* _What is expected_: Type out each entry exactly as it appears, but keep every image out.

Items listed in a dataset:

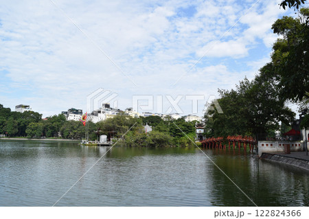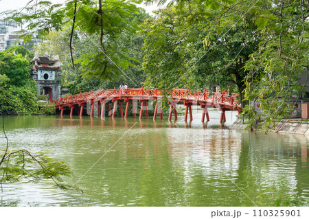 ベトナム ハノイのホアンキエム湖内のゴックソン島に建つ寺院玉山祠への赤い橋
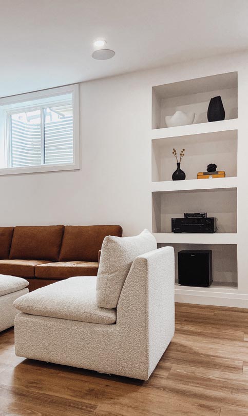 “If you have a 1,200-square foot house, you might get 1,000 more in the basement, doubling the living space,” says Hassall. He hears a lot of requests for separate areas for kids and adults “so they’re not on top of each other — somewhere to go, somewhere to have their own space. That’s the biggest motivator. People want a place where they can do different things, have privacy, quiet.”
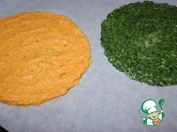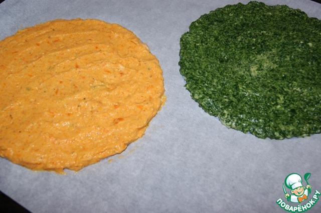 На листе пекарской бумаги начертить 2 круга диаметром 20 см. В один поместить шпинатное тесто, в другой морковное. Выпекать в прогретой до 180°С духовке 20 минут. Ориентируйтесь на вашу духовку!
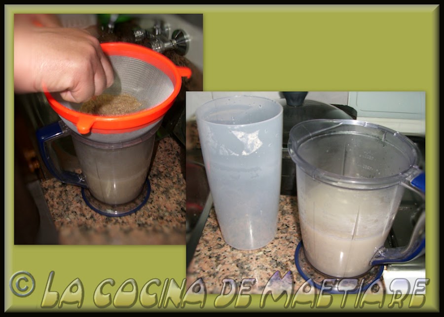 Limpiamos bien el colador bajo el grifo del agua corriente y volvemos a filtrar ya en el recipiente donde lo vamos a guardar, en mi caso es el mismo donde lo he batido ya que tiene tapa, pero lo puedes guardar en una botella de cristal por ejemplo. Todo éste lío del filtrado te lo evitas con la chufamix que es mucho más práctica y para la emulsión de las leches vegetales también es mejor .
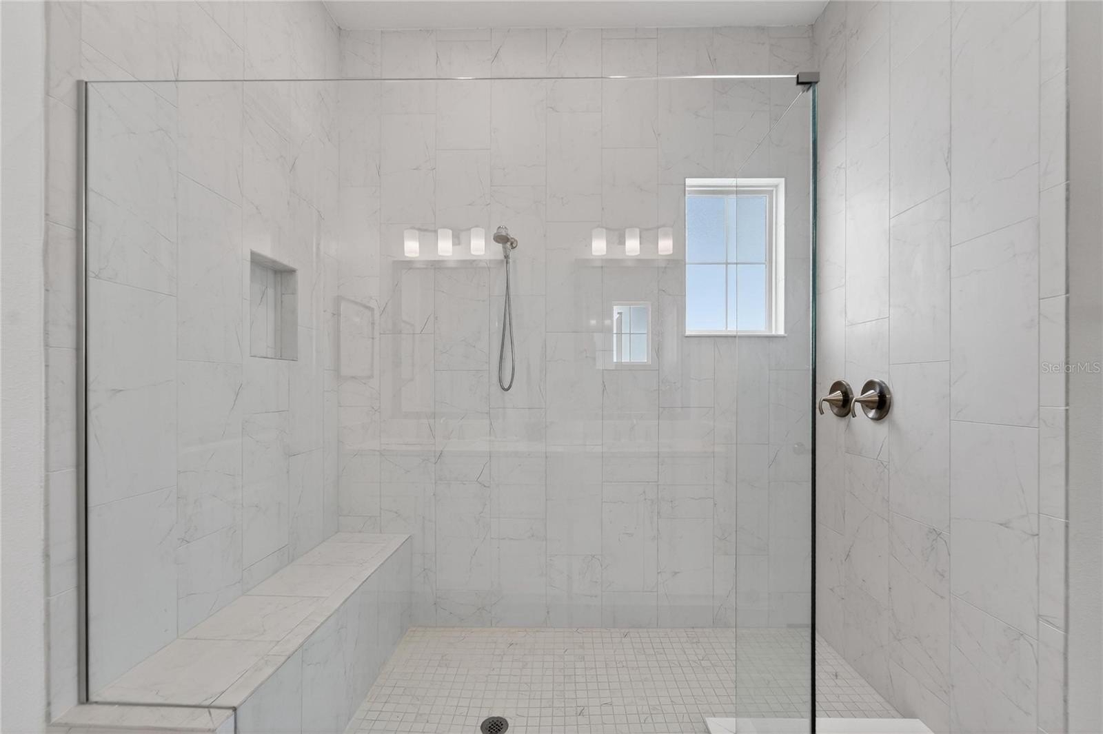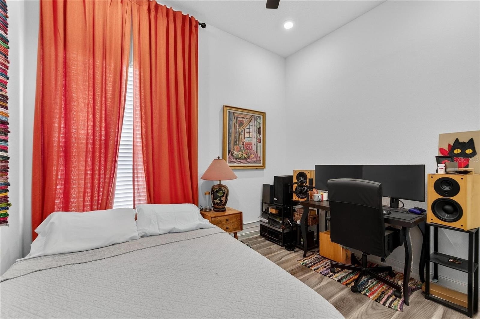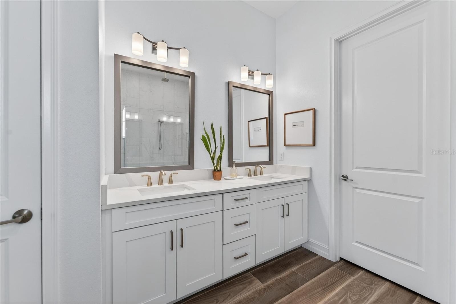 The primary suite is positioned as a private retreat within the split-bedroom design, offering a walk-in closet and a well-appointed en-suite bath. Tray ceilings and recessed lighting act as a subtle design focal point, while cohesive finishes throughout contribute to a clean, modern aesthetic.
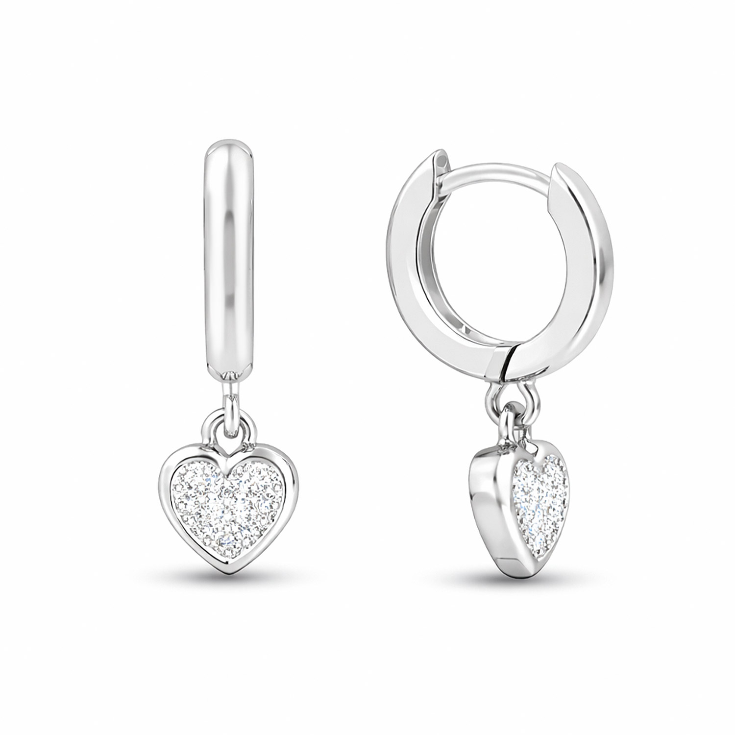 Enchanting ring earrings in sterling silver, with heart-cut zirconia inserts, hoops, height ≈ 18 mm.
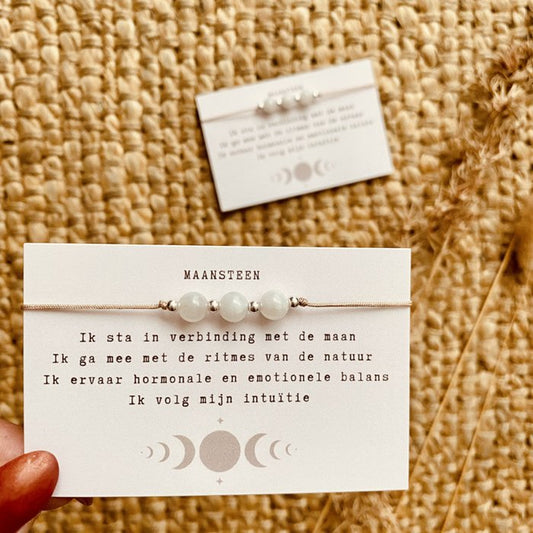 De armbandjes zitten verpakt om een kaartje waar de werking in affirmatie vorm op staat.
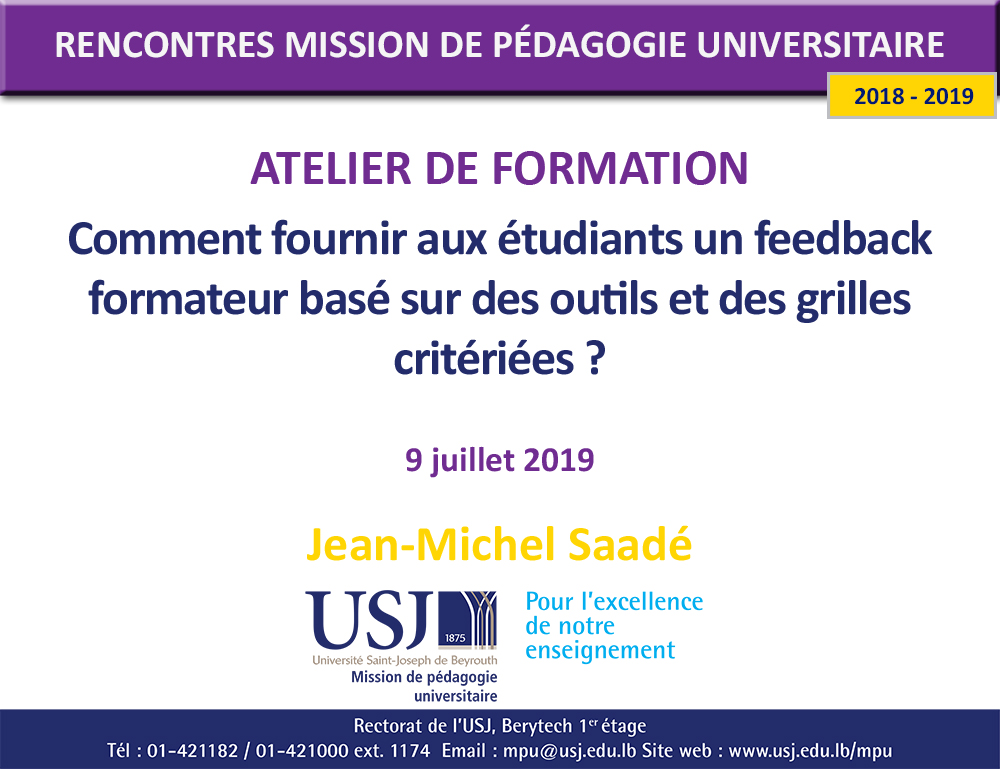 Comment fournir aux étudiants un feedback formateur basé sur des outils et des grilles critériées ? - Jean-Michel Saadé
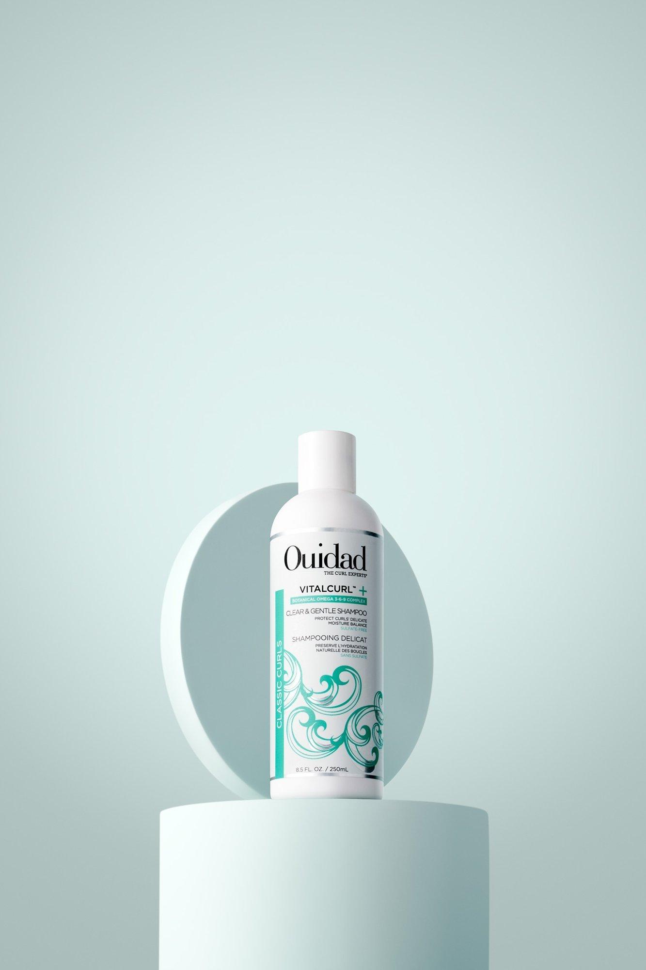 Ouidad's VitalCurl+ Clear & Gentle Shampoo protects curls' delicate moisture balance while cleansing and rebalancing pH levels for optimal curl health and consistency.
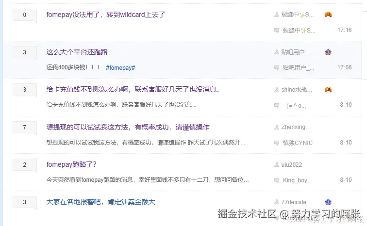 这几天虚拟信用卡圈又爆出一个雷,fomepay平台居然跑路了,来看看贴吧上的人怎么说
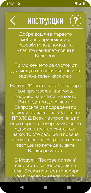 মডিউল I "স্টার্ট পরীক্ষা" 104 এলোমেলো প্রশ্ন উত্পন্ন করে, আপনি যে পরীক্ষায় যাচ্ছেন তার অনুরূপ। প্রশ্নগুলি শিল্প অনুযায়ী বিভাগগুলি দ্বারা সাজানো হয়। 16 এ, পিপিজেডএলওডের প্যারা 1। প্রতিটি প্রশ্নের একটি সঠিক উত্তর রয়েছে। একটি সফল পরীক্ষা এমন এক হিসাবে বিবেচিত যা আপনি 80 বা তার বেশি সঠিক উত্তর দিয়েছেন। প্রতিটি পরীক্ষা শেষে আপনি নিজের ফলাফল দেখতে সক্ষম হবেন।
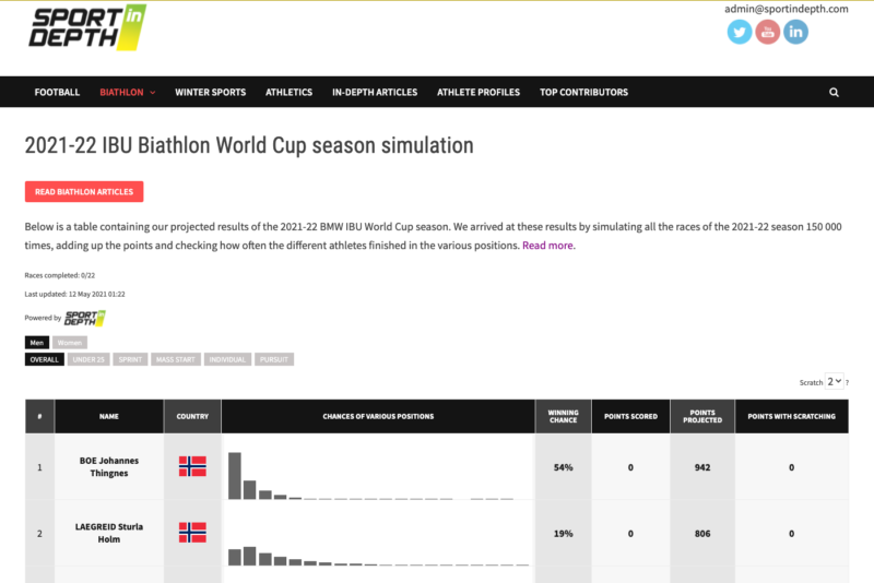 But models remain exactly that, models. And I am sure if the IBU held 150,000 races the reality would be closer to the models. But that’s the beauty of sport and biathlon: we don’t run the races that many time, so we have to consider the form of the day, athletes feeling sick but still participating, harder and softer snow conditions during the race, a loud crowd at the shooting range (remember those days?!?), etc. we can go and on about external qualitative factors that can, and will, impact race results. If a model predicts Laegreid to challenge for the yellow bib, and Hauser to win a specific race, I think they are on to something worth checking out.

* _Answer box_:
 ベトナム ハノイのホアンキエム湖内のゴックソン島に建つ寺院玉山祠への赤い橋
 “If you have a 1,200-square foot house, you might get 1,000 more in the basement, doubling the living space,” says Hassall. He hears a lot of requests for separate areas for kids and adults “so they’re not on top of each other — somewhere to go, somewhere to have their own space. That’s the biggest motivator. People want a place where they can do different things, have privacy, quiet.”
 На листе пекарской бумаги начертить 2 круга диаметром 20 см. В один поместить шпинатное тесто, в другой морковное. Выпекать в прогретой до 180°С духовке 20 минут. Ориентируйтесь на вашу духовку!
 Limpiamos bien el colador bajo el grifo del agua corriente y volvemos a filtrar ya en el recipiente donde lo vamos a guardar, en mi caso es el mismo donde lo he batido ya que tiene tapa, pero lo puedes guardar en una botella de cristal por ejemplo. Todo éste lío del filtrado te lo evitas con la chufamix que es mucho más práctica y para la emulsión de las leches vegetales también es mejor .
 The primary suite is positioned as a private retreat within the split-bedroom design, offering a walk-in closet and a well-appointed en-suite bath. Tray ceilings and recessed lighting act as a subtle design focal point, while cohesive finishes throughout contribute to a clean, modern aesthetic.
 Enchanting ring earrings in sterling silver, with heart-cut zirconia inserts, hoops, height ≈ 18 mm.
 De armbandjes zitten verpakt om een kaartje waar de werking in affirmatie vorm op staat.
 Comment fournir aux étudiants un feedback formateur basé sur des outils et des grilles critériées ? - Jean-Michel Saadé
 Ouidad's VitalCurl+ Clear & Gentle Shampoo protects curls' delicate moisture balance while cleansing and rebalancing pH levels for optimal curl health and consistency.
 这几天虚拟信用卡圈又爆出一个雷,fomepay平台居然跑路了,来看看贴吧上的人怎么说
 মডিউল I "স্টার্ট পরীক্ষা" 104 এলোমেলো প্রশ্ন উত্পন্ন করে, আপনি যে পরীক্ষায় যাচ্ছেন তার অনুরূপ। প্রশ্নগুলি শিল্প অনুযায়ী বিভাগগুলি দ্বারা সাজানো হয়। 16 এ, পিপিজেডএলওডের প্যারা 1। প্রতিটি প্রশ্নের একটি সঠিক উত্তর রয়েছে। একটি সফল পরীক্ষা এমন এক হিসাবে বিবেচিত যা আপনি 80 বা তার বেশি সঠিক উত্তর দিয়েছেন। প্রতিটি পরীক্ষা শেষে আপনি নিজের ফলাফল দেখতে সক্ষম হবেন।
 But models remain exactly that, models. And I am sure if the IBU held 150,000 races the reality would be closer to the models. But that’s the beauty of sport and biathlon: we don’t run the races that many time, so we have to consider the form of the day, athletes feeling sick but still participating, harder and softer snow conditions during the race, a loud crowd at the shooting range (remember those days?!?), etc. we can go and on about external qualitative factors that can, and will, impact race results. If a model predicts Laegreid to challenge for the yellow bib, and Hauser to win a specific race, I think they are on to something worth checking out.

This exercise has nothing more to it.